The thin man shrugged, and the redhead went back to her work without a word. There was a sad look nestled in her soft eyes, but she turned away from him, resuming her flipping and filling as Mr. Elliot staggered in from the next room.

Richie decided he had enough of this place. Even getting her number was not enough incentive for him to stay. Something just wasn’t right about this bar, these people. He strode towards the door, intending to throw it open and dash into the waiting darkness. A quick look outside would inform him if his bike had been moved, and he could ride to Frank’s in time to receive a justly deserved tongue-lashing.

Instead, the old door swung inward, and a sopping wet, sobbing girl stumbled inside. He had just enough time to step forward and catch her in his arms before she collapsed.

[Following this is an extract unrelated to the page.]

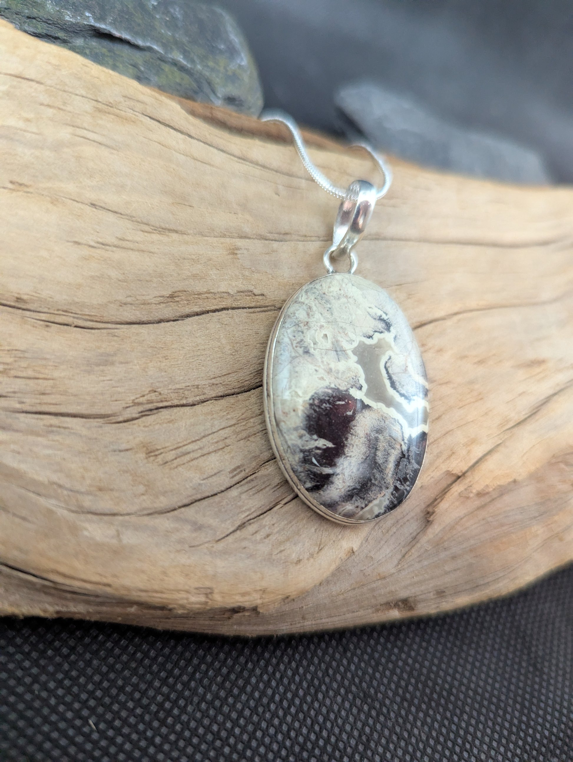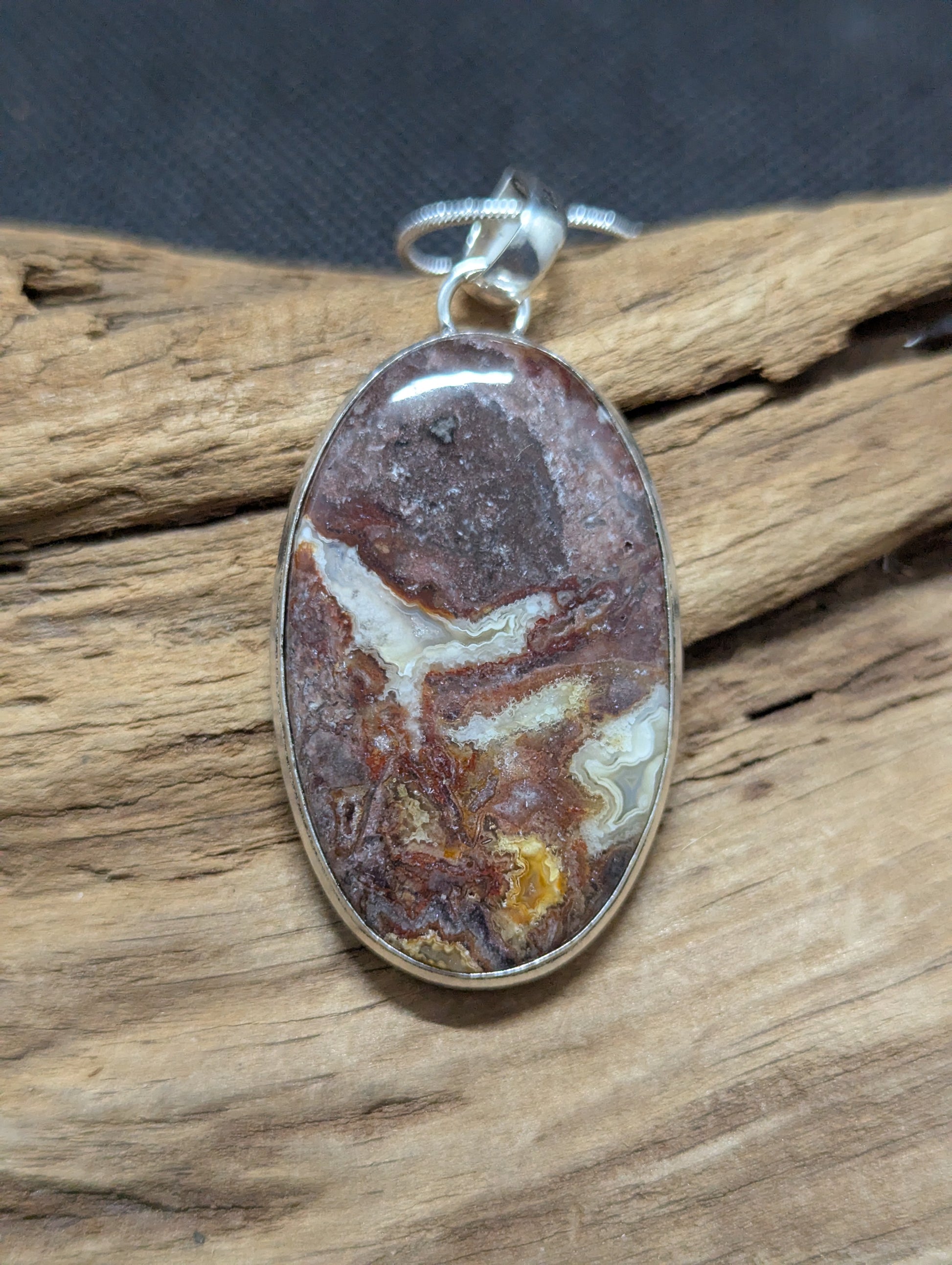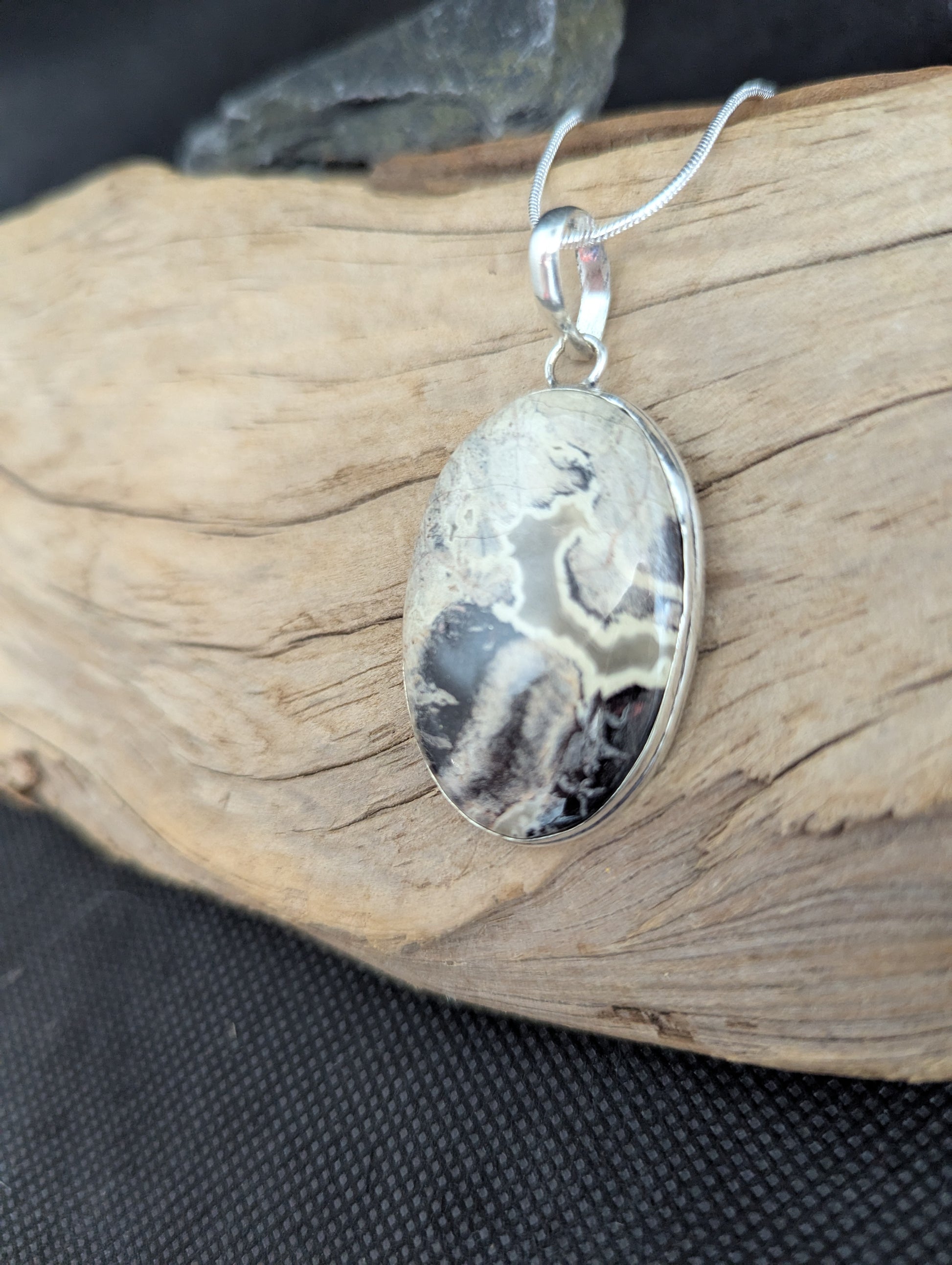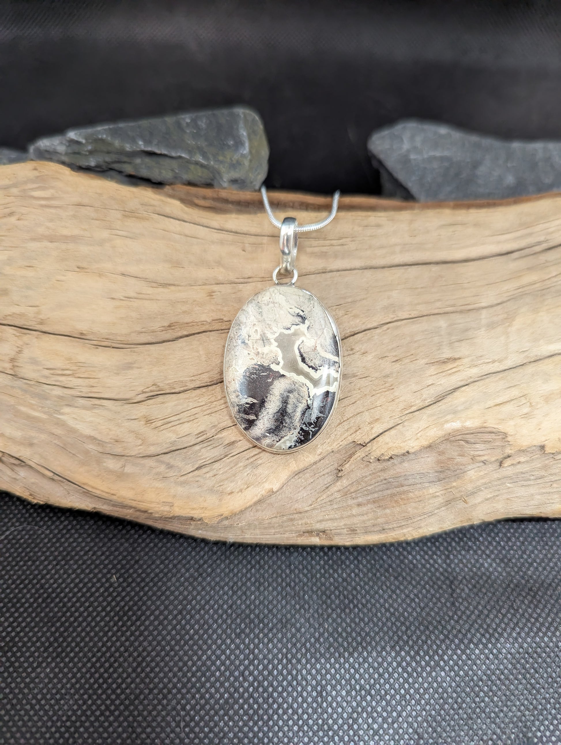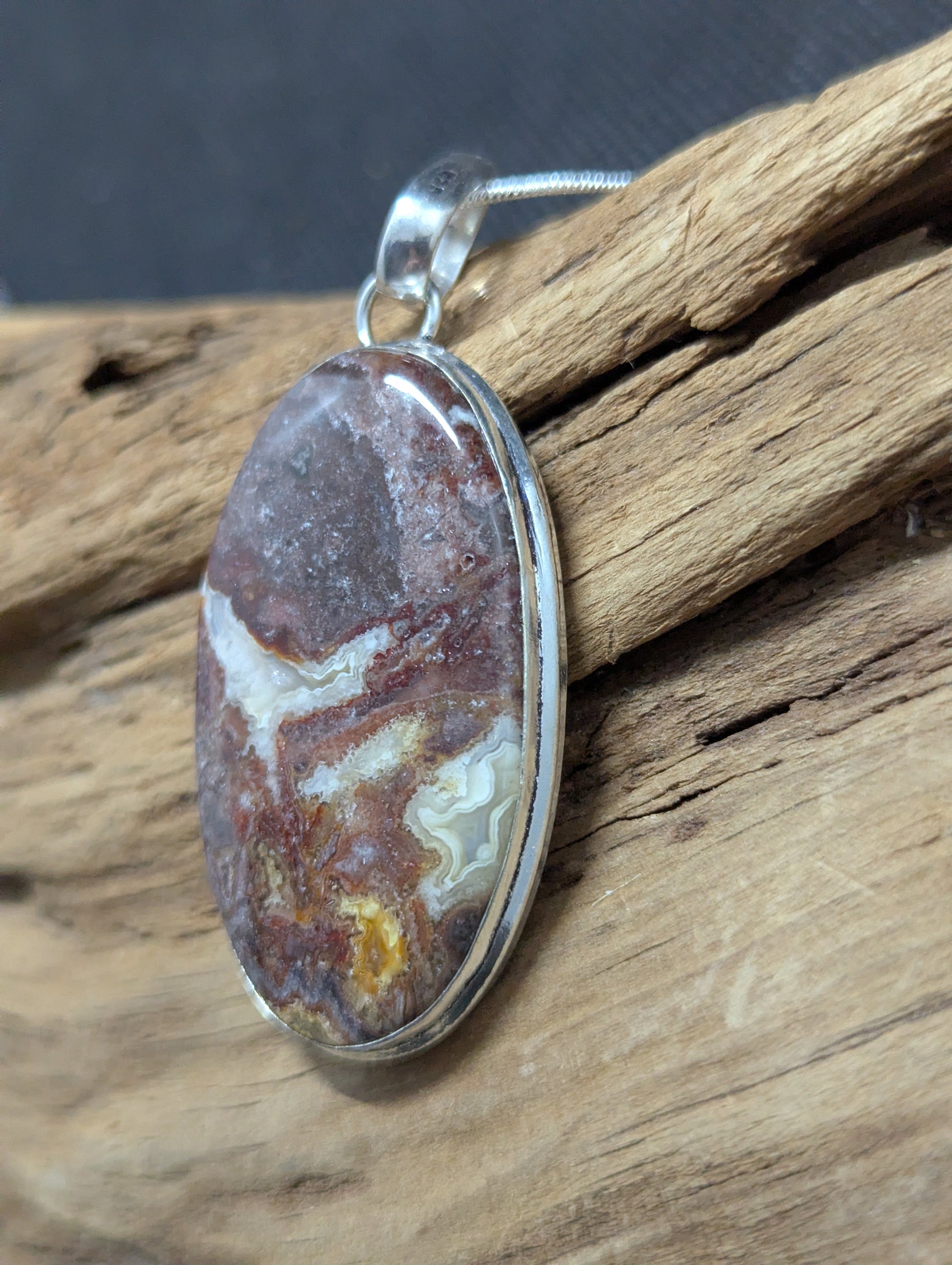 Mexican Laguna Lace hand cut and polished. Set in .925 Silver.

“Becky!” the lean man called from behind him.

“Oh, it happened again, sweetheart!” In a second, he was there, extracting her from Richie’s arms. It was then that the young man could see the thin, pink dress she wore, soaked through to her skin. The only thing keeping her from freezing to death was a blazer someone had thrown over her shoulders.

The man snatched it from her as he led her to a seat. “Took another one, did you?” he asked in a stern voice, placing it on the counter.

She looked at the coat, giving a miserable sigh. “It always happens so fast.” A trembling hand went to her forehead. “I just don’t have time to think.”

“Mary? Be a dear and get Becky something to drink.”

“Time to think?” Richie had to ask, taking the coat from the top of the bar. He didn’t know who this man was, but he did know that the jacket was the only thing keeping her warm. He moved to throw it around her frail shoulders.

“No, Richie,” the man admonished, taking it away with a firm, but gentle tug.

He stopped. “How’d you know my name?”

Before the stranger could answer, the room began to buzz. Richie put a hand to his ears, wincing from the deafening roar. It was as if a thousand locusts had descended upon the bar, their fluttering wings threatening to devour every sane sound left to him. In front of him, Mary turned toward the giant mirror stretching the length of the bar. Though he couldn’t see her face, her heaving shoulders told him she was crying. The buzzing grew louder, and he could swear that voices were within it, chanting something.

Bloody Mary! they screamed.

Smoke swarmed into the mirror, reducing its former reflective brilliance to a dark haze. “Why? Why do they keep doing this?” she wailed. Her fingers wiped at her eyes, and he could swear that the tips came away with blood. The beautiful bartender turned to regard him, wishing that he didn’t have to see her like this for, instead of tears flowing from her brown eyes, blood trickled down her cheeks.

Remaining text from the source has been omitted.